→ GIVEN INFORMATION
■ ■ ■
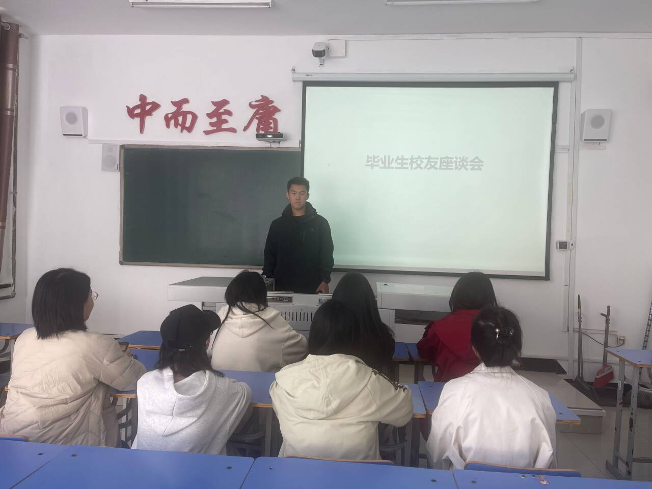 相玉秀老师介绍了白英楠同学是自己健管20级中非常优秀的生涯学生,现在留校已经是他们的老师,白英楠分享了自己大四在上海量健实习的经验和毕业后决定留校的想法,讲解自身的工作经历,劝诫在校的学弟学妹们努力学习基础知识和基本技能,为将来的工作打下坚实的基础,听了学长的分享同学们都非常有感触。
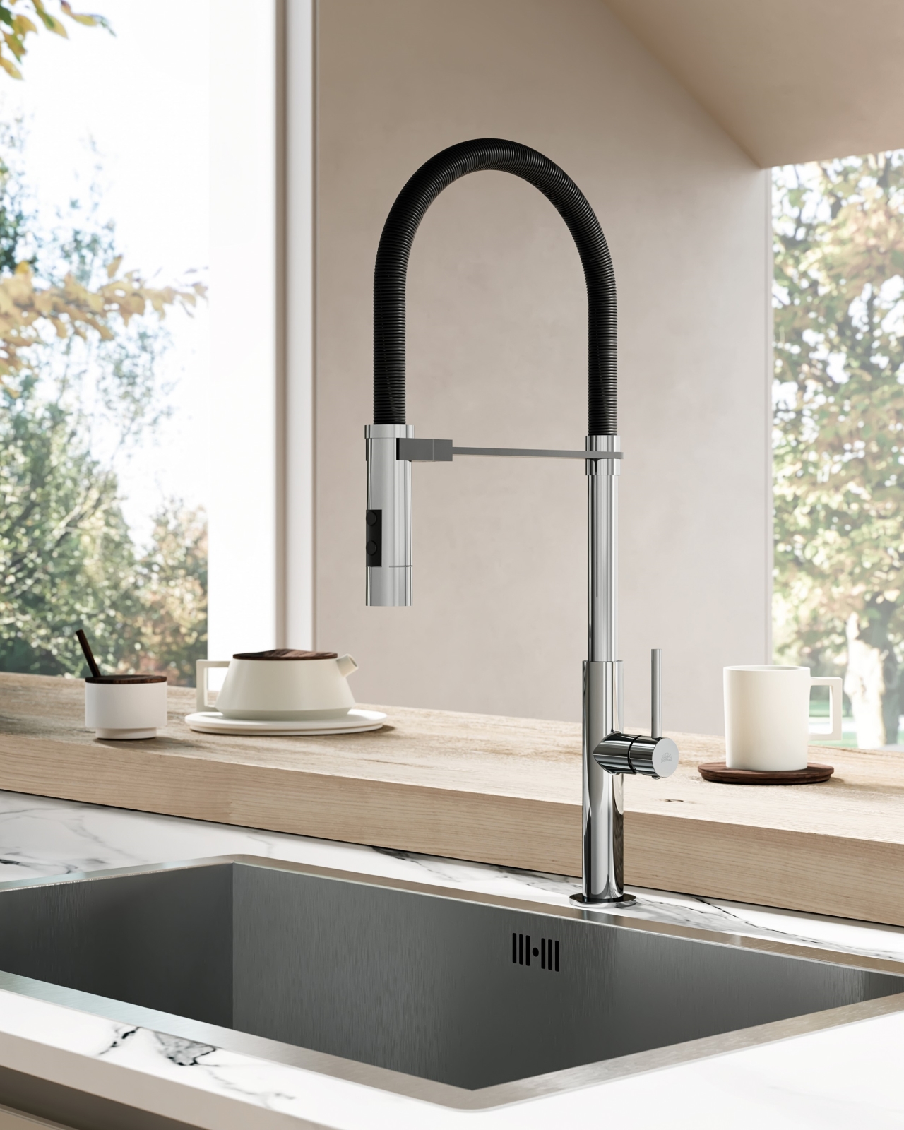 • Kuhinjska slavina za sudoper Paffoni Candy u crno-kromiranoj izvedbi.
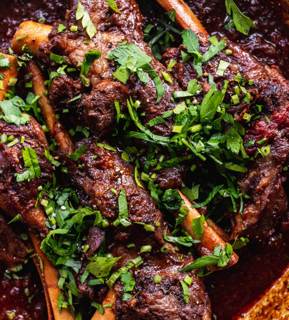 This lamb shank recipe is rich and full of flavor from herbs and figs for a hint of sweetness. Braised low and slow, this will work well over mashed potatoes.
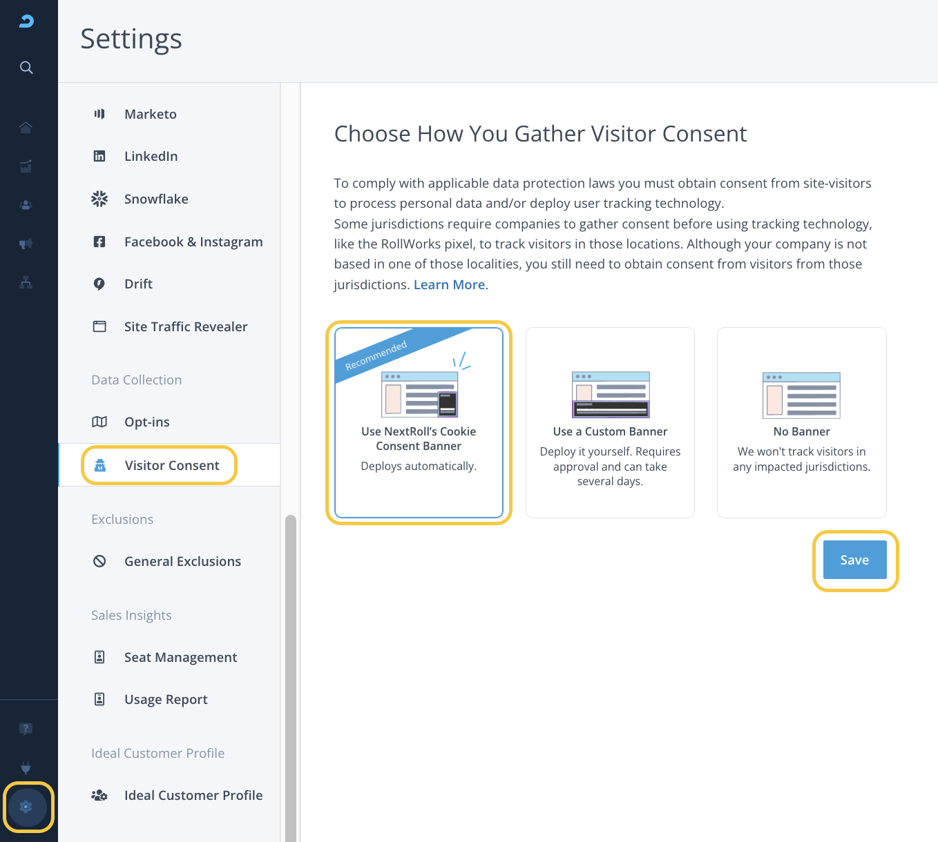 - You will navigate to a “Gather Consent” page that allows you to select the NextRoll Cookie Banner
■ ■ ■
→ TASK TO COMPLETE
What this calls for is the material above set down exactly, pictures excluded.

→ EXPECTED OUTPUT
 相玉秀老师介绍了白英楠同学是自己健管20级中非常优秀的生涯学生,现在留校已经是他们的老师,白英楠分享了自己大四在上海量健实习的经验和毕业后决定留校的想法,讲解自身的工作经历,劝诫在校的学弟学妹们努力学习基础知识和基本技能,为将来的工作打下坚实的基础,听了学长的分享同学们都非常有感触。
 • Kuhinjska slavina za sudoper Paffoni Candy u crno-kromiranoj izvedbi.
 This lamb shank recipe is rich and full of flavor from herbs and figs for a hint of sweetness. Braised low and slow, this will work well over mashed potatoes.
 - You will navigate to a “Gather Consent” page that allows you to select the NextRoll Cookie Banner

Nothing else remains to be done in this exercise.